Après cette crise de chagrin, je me trouvai assez tranquille ; je dis tranquille, cela est vrai : car j’étais incapable de goûter ni joie ni tristesse. Je raisonnais cependant en moi-même ; mais ce raisonnement-là ne me paraissait ni agréable ni douloureux : mon état ressemblait fort à celui d’un imbécile qui fait des discours où il ne conçoit rien. M’étant levée, je me laissai aller négligemment dans un fauteuil. On m’apporte à manger, je mange ; on me présente à boire, je bois ; on me parle, j’ouvre de grands yeux et ne réponds rien.

La sœur converse qui me servait, me voyant dans cet abattement, s’écriait de temps en temps : Bon Dieu ! Sainte Vierge ! qu’est-ce que tout ceci ? Je crois que cette enfant se meurt. Eh ! mademoiselle, en me prenant les mains, vous trouvez-vous mal ? Point de réponse.

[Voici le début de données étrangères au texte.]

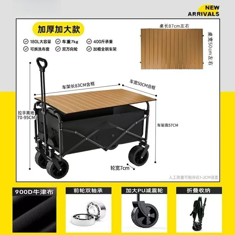 table board package [black] 8-inch off-road wheel/double brake + wood grain table board-durable quality [bold steel frame thicken fabric]]
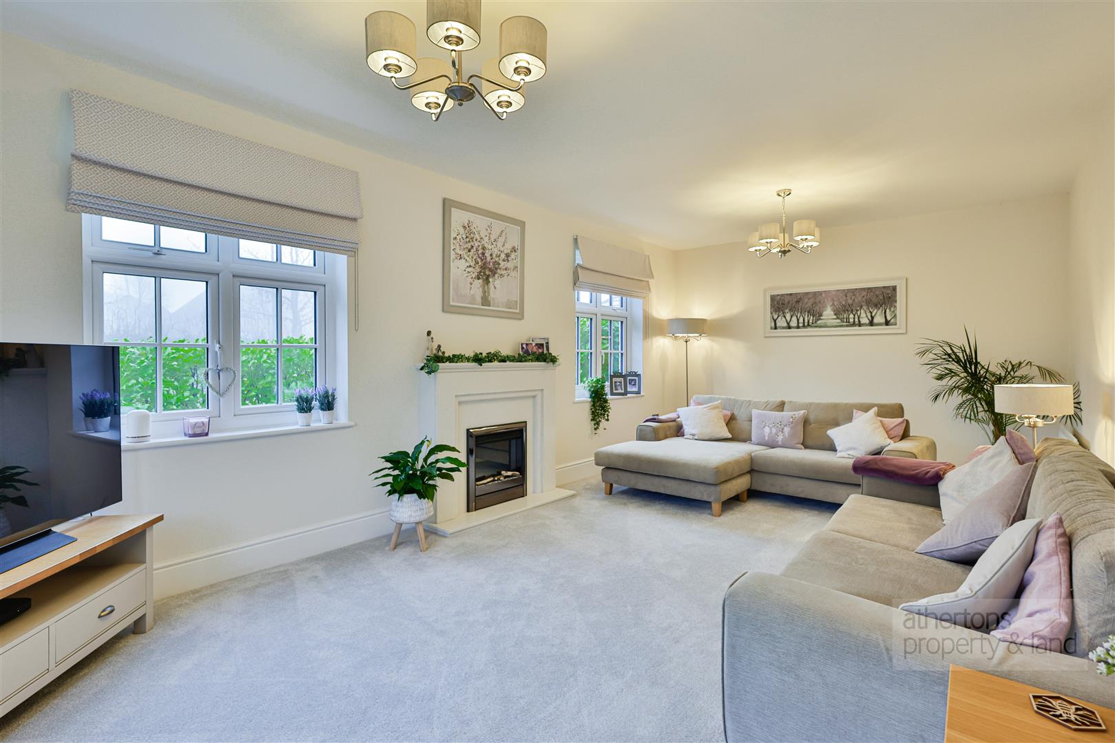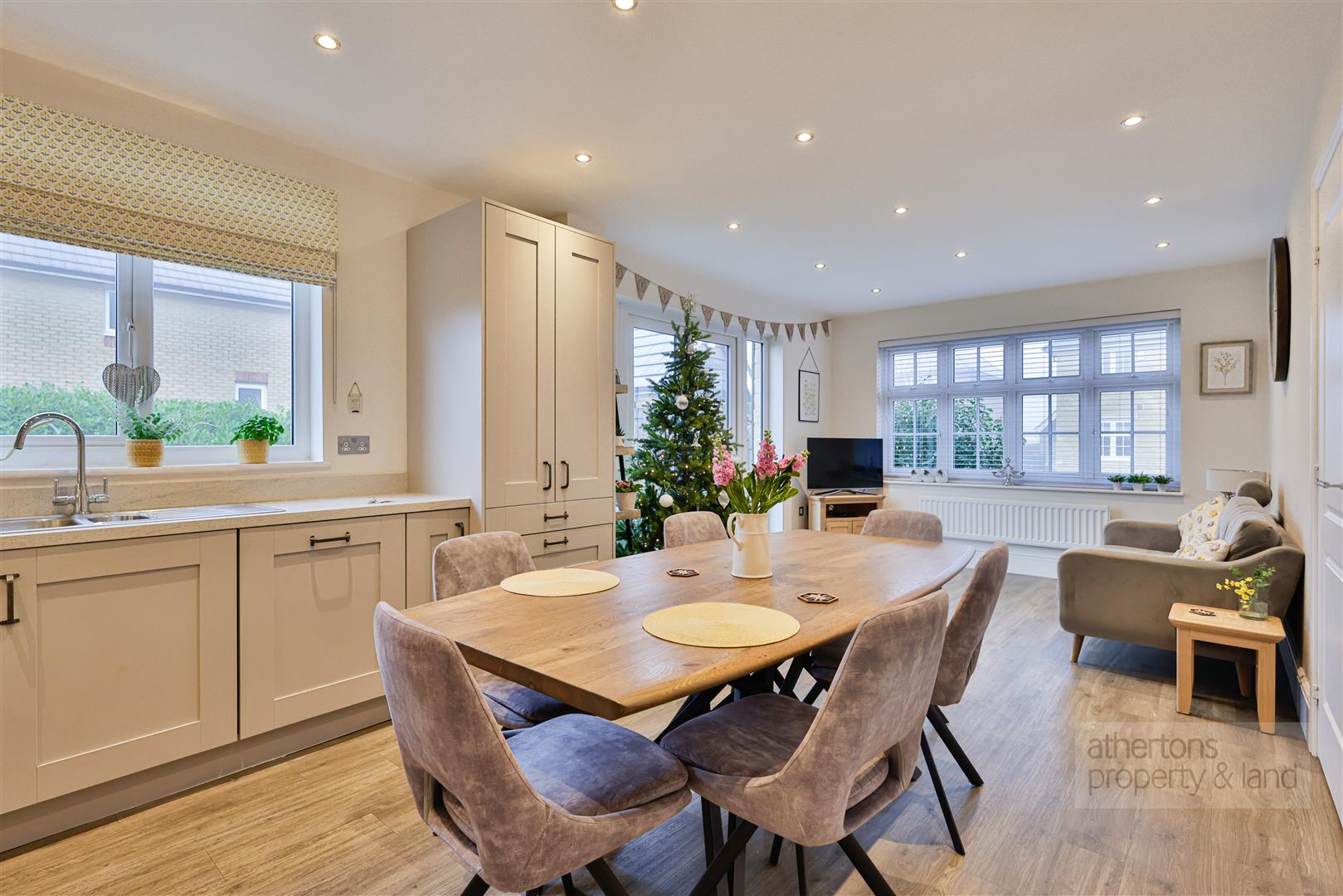 Stepping inside, the welcoming entrance hall immediately impresses with its sense of space and light, enhanced by the high ceiling. Stairs rise to the first floor with useful understairs storage, while a neatly appointed two-piece ground-floor cloakroom sits conveniently off the hall. The elegant lounge is a standout feature, enjoying a triple aspect and stretching the full length of the house, creating a bright and airy yet cosy living space. An inset electric fire with a white granite surround forms an attractive focal point, while large windows allow natural light to flood in from multiple directions.

La religieuse mon amie arrive aussi ; elle m’approche, je ne la vois pas. Bonsoir, ma fille. Je ne réponds rien. Eh ! mais, me dit-elle, parlez donc ; vous est-il encore survenu quelque nouveau sujet de chagrin ? Eh oui ! m’écriai-je alors ; et je me tus. Mais, de grâce, ma chère enfant, continua-t-elle, dites-moi donc quelque chose ! Enfin, à force de me tourmenter, elle réveille un peu mes esprits ; la circulation du sang commence à agir ; en un mot, mon anéantissement se dissipe peu à peu.